Believe it for not, there was a time when Hoosiers could expect to receive their property tax bills each April. Half the bill was due in May, the other half in November.
Most years, property owners could expect a modest increase. And they knew that every five years, their properties would be reassessed, which could cause a bigger change in their bills.
But a generation of Hoosier homeowners has never known such stability.
In the decade since the Indiana Supreme Court rightly threw out the states property assessment system, getting and paying property tax bills has been anything but routine.
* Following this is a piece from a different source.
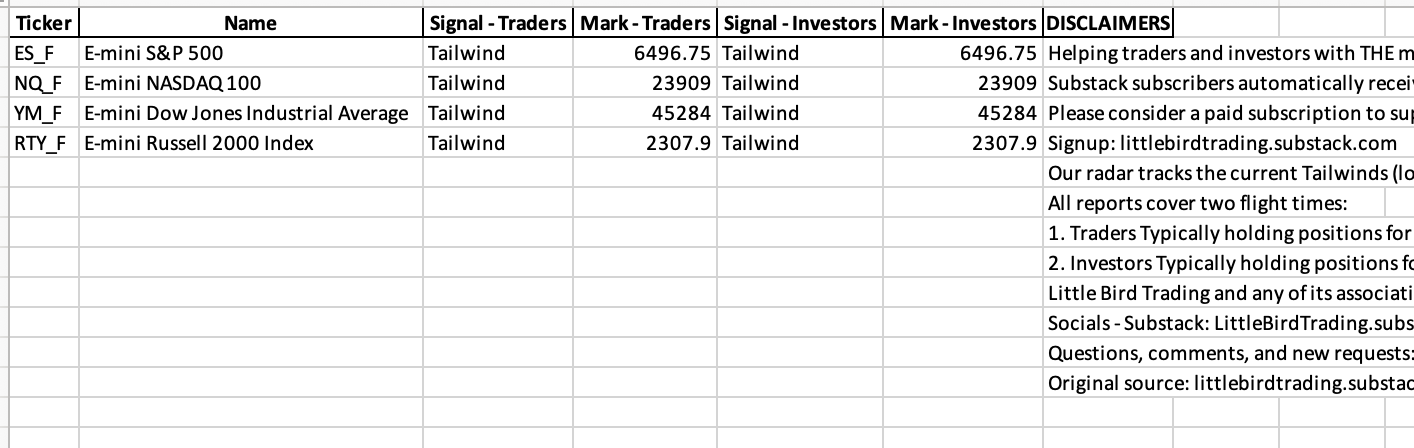 For traders and investors using futures to generate daily returns or leverage portfolio exposure. Tracks ES_F, NQ_F, YM_F, and RTY_F. Both the Weather Report Excel file and screenshot example from the August 18th Weather Report.
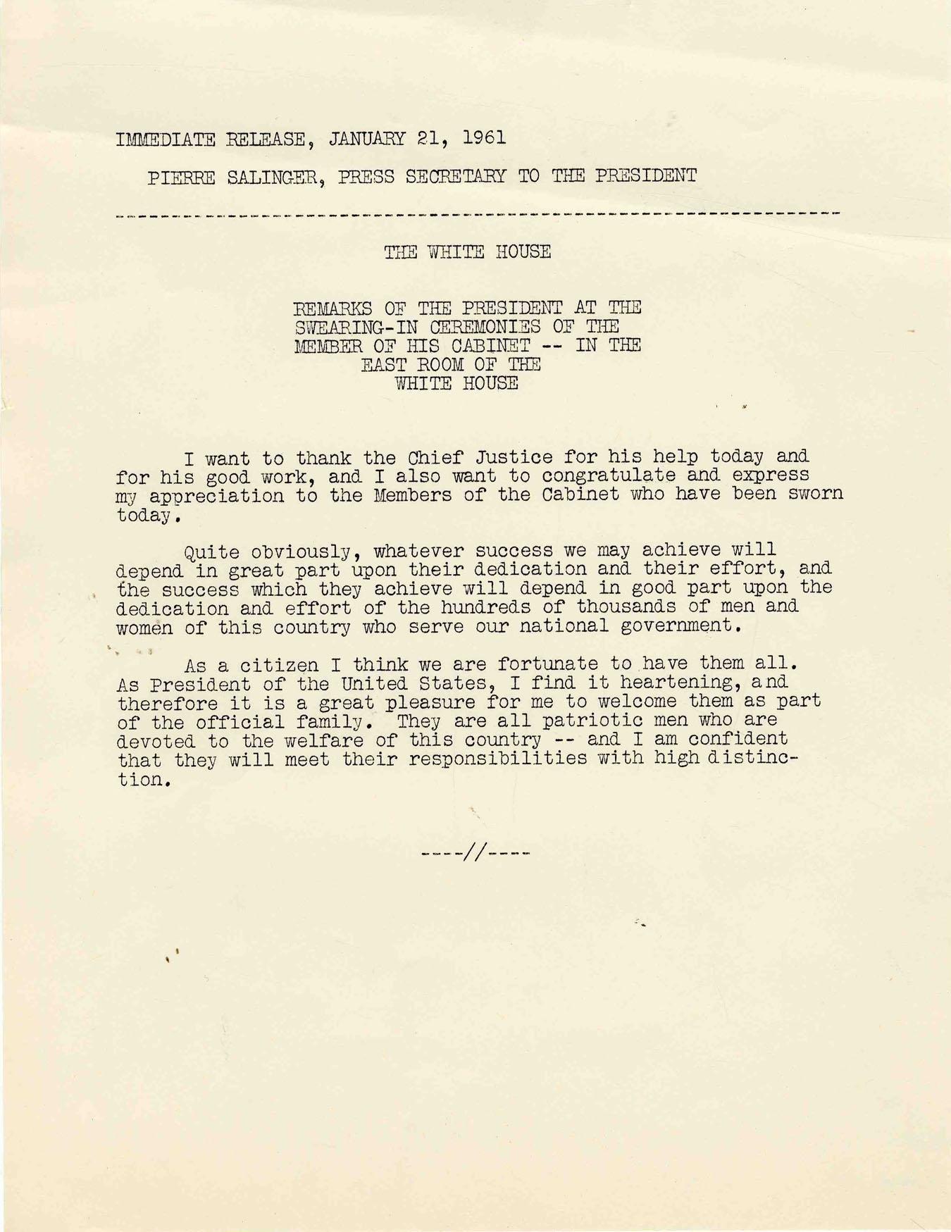 Original press release by Pierre Salinger, Press Secretary to President John F. Kennedy, dated 21 January 1961 upon the President's inauguration. Entitled ''Remarks of the President at the Swearing-in Ceremonies of the Member of His Cabinet,'' release reads in part, ''…I find it heartening, and therefore it is a great pleasure for me to welcome them as part of the official family. They are all patriotic men who are devoted to the welfare of this country…'' Single page document measures 8.5'' x 11''. Near fine condition.

The first reassessment after the court ruling was late. Since then, changes in property tax laws and assessment procedures have produced wild fluctuations in tax bill dates and amounts nearly every year. Indeed, though the General Assembly fixed property taxes a year ago, only a handful of Indiana counties have mailed out tax bills this year – even though they were due in April.
Residents of most Indiana counties are still waiting for their bills – Allen County property owners may get theirs in late July, 3 1/2 months late.
With local officials struggling to complete the work to get out the 2009 bills – and to get going on 2010 bills so they are not late – they are also legally obligated to begin another complete property reassessment July 1 for the bills that will go out in 2012.
Those 2009 and 2010 bills must account for the complex and still-unknown effects of property tax caps. As the caps get lower, they will have more effect on the bills. Enough already.
A common-sense proposal to give all assessment officials a chance to catch up almost made it through this past session of the General Assembly but was tripped up by language technicalities. Lawmakers should adopt the proposed one-year delay in reassessment as part of the budget bill they need to pass in special session by June 30 to avert a state government shutdown.
Though the budget bill may well be the only piece of legislation lawmakers consider during the special session, the one-year delay directly affects all local government budgets and is appropriate for inclusion in the budget legislation.